Était-elle, elle aussi, une sorcière ? Il s’interrogeait. C’était un écrivain vivant seul dans une vieille maison en bois proche du marché aux poissons, dans une rue sinueuse, et elle était sa première maîtresse. Il écrivait des histoires d’amour, mais chaque fois qu’il tentait d’écrire à son sujet, la page demeurait blanche.
Jadis, la rue était remplie de vieilles maisons mais à présent elle était bordée de blanches et brillantes demeures, gigantesques phares dans l’étang tranquille du quartier. Elle se demandait à quoi elle ressemblait lorsque toutes les maisons étaient comme la sienne, mais lorsqu’elle regardait les poissonniers chaussés de leurs épaisses bottes en caoutchouc remplir leurs baquets d’eau, elle ne pouvait pas plus imaginer les vies du passé qu’envisager les morts du futur.
Elle n’avait jamais fréquenté de Japonais auparavant. Tout semblait nouveau, mystérieux, d’un autre monde. Sauf les poissonniers.
Elle regardait les hommes saisir les poissons bruns et luisants dans leurs poings et enfoncer des clous affilés dans leurs têtes et trancher leurs corps à l’aide de fines lames d’acier, les coupant à une telle vitesse qu’ils n’avaient même pas le temps de nourrir un quelconque regret. Elle voulait vivre comme cela, mais à ce moment-là elle avait fait la connaissance de Yukihiro.
« Sœurette ! lui criaient gentiment les hommes le matin lorsqu’elle passait. Tu vas où ? ».
Ils le savaient. Ils le savaient parce qu’ils lui parlaient doucement comme si elle eût été une sirène aux oreilles délicates, et quand elle répondait : « Ici et là », ils opinaient du chef avec insistance, ne levant pas les yeux de leur ouvrage avant qu’elle eût franchi le portail menant à la maison de son amant.
Yukihiro, qui était originaire d’un petit village des îles Ryûkyû, portait ses cheveux en queue-de-cheval et se vêtait de vieux kimonos en soie. Le soir, il sortait afin de recueillir des arêtes chez les poissonniers pour les poser sur sa véranda. Des arêtes pour les chats errants qui cherchaient refuge et venaient chaque soir à son logis pendant qu’il inventait des histoires d’amour.

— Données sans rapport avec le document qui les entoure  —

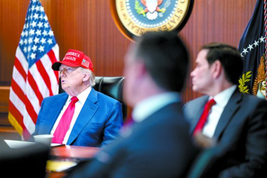 도널드 트럼프 미국 대통령이 21일(현지시간) 백악관 상황실에서 마코 루비오 국무장관 등과 함께 미군의 이란 핵시설 3곳에 대한 공습작전을 지켜보고 있다. 〈EPA=연합뉴스〉 |
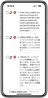 - 中上級者はオリジナルのYouTubeリストで週一回ディクテーションを行います。ごまかしできないリスニングトレーニングを行います

Le vieil homme qui habitait dans cette maison avant lui était taxidermiste, et lorsqu’il était décédé, il n’y avait eu personne pour hériter de cette demeure de famille vieille de deux cents ans, personne pour balayer les tatamis et changer le papier blanc des shôji[1] ou se débarrasser des animaux aux ventres parfaitement cousus. Et puis il y avait ces histoires. Il ne les finissait jamais ; il n’achevait jamais rien de ce qu’il écrivait.

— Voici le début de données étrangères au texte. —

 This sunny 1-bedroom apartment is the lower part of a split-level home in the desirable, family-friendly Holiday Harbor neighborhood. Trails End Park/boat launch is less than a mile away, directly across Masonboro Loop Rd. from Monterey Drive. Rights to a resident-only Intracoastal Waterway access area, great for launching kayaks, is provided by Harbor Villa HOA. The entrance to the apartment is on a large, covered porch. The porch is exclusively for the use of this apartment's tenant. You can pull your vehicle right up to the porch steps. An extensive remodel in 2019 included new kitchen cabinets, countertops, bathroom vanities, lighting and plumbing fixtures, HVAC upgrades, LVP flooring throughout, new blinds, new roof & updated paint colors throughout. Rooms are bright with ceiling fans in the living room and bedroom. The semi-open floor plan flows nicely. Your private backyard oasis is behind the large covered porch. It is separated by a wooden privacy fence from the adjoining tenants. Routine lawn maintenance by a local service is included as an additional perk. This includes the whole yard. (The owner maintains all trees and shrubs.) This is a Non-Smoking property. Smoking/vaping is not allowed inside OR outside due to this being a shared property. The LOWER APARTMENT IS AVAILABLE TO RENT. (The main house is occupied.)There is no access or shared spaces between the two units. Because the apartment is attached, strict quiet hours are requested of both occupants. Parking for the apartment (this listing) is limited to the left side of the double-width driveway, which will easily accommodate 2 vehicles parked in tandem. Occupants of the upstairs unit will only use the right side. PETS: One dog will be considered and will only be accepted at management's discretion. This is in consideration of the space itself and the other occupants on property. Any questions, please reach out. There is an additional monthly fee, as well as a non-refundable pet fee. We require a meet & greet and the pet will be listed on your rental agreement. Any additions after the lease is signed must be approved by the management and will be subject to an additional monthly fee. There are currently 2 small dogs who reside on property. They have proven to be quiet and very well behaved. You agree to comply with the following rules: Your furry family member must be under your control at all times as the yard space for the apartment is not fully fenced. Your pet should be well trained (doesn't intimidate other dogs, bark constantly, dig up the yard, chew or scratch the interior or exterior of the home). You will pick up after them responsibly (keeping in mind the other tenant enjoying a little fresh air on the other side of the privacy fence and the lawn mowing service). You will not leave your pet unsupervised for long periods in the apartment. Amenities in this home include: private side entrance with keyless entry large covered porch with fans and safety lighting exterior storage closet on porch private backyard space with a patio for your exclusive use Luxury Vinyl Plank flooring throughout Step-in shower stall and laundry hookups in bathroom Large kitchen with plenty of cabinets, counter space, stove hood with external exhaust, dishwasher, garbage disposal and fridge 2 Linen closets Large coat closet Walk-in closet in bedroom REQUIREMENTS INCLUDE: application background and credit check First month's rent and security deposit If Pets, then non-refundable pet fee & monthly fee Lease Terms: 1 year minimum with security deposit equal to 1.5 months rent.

Yukihiro adorait le regard bleu et froid des animaux empaillés, leur peau douce mais pas chaude, comme un poisson si habilement coupé en tranches de sushis que son cœur battait encore sur la chair découpée : vivant mais pas en vie. Elle était arrivée dans ce pays sans rien et ils s’étaient rencontrés à Ueno, où elle était venue voir les fleurs de lotus de l’étang de Shinobazu en pleine floraison. Il y a deux mois, il s’était tenu près d’elle pendant très longtemps, photographiant les fleurs. Elle pouvait sentir l’objectif de l’appareil-photo rivé sur elle, mais elle contemplait les fleurs blanches dans l’eau immobile et ne se tourna pas vers lui. Finalement, elle commença à s’éloigner et il la suivit, lui demandant à quoi l’étang pourrait bien ressembler, selon elle, lorsque les fleurs dépériraient dans l’air froid de l’hiver. Tout ce qu’elle dit fut hai-iro, ce qui sonna pour lui comme « héros » dans un anglais laborieux, mais ce qu’elle avait voulu dire c’était gris[2].
Ce jour-là, Yukihiro l’avait emmenée à l’échoppe de nouilles au bord du parc où Mori Ôgai[3] avait écrit L’oie sauvage cent ans auparavant. Il y avait une bicyclette appuyée contre la devanture et au milieu de leur repas, elle s’était renversée dans le plus grand vacarme. Elle avait sursauté légèrement, mais il l’avait ramenée vers lui à l’aide de sa main. Puis il l’avait invitée chez lui.
La première chose qu’elle vit dans sa maison fut les oiseaux en haut des étagères de livres, dont le regard était braqué sur le papier blanc arraché des vieux shôji, qui portaient leurs déchirures acérées telles des cicatrices. Un renard, un aigle et une vipère aux crocs pointus. Des bêtes de proie, des choses ensorcelantes. Il les enlevait toujours.
Les livres dans sa chambre : anglais, japonais, russes et tchèques.
Elle le rencontra durant tout le printemps lorsque les lotus étaient en fleur, mais ils ne couchèrent ensemble qu’un mois après leur rencontre. Il avoua qu’il s’était masturbé devant les photos qu’il avait prises d’elle au parc d’Ueno, et la première fois qu’il eut ses jambes enchevêtrées dans les siennes, il craignit de ne pas pouvoir l’aimer en vrai. Quant à elle, elle lui confia qu’elle savait qu’il en était capable et qu’il l’aimerait.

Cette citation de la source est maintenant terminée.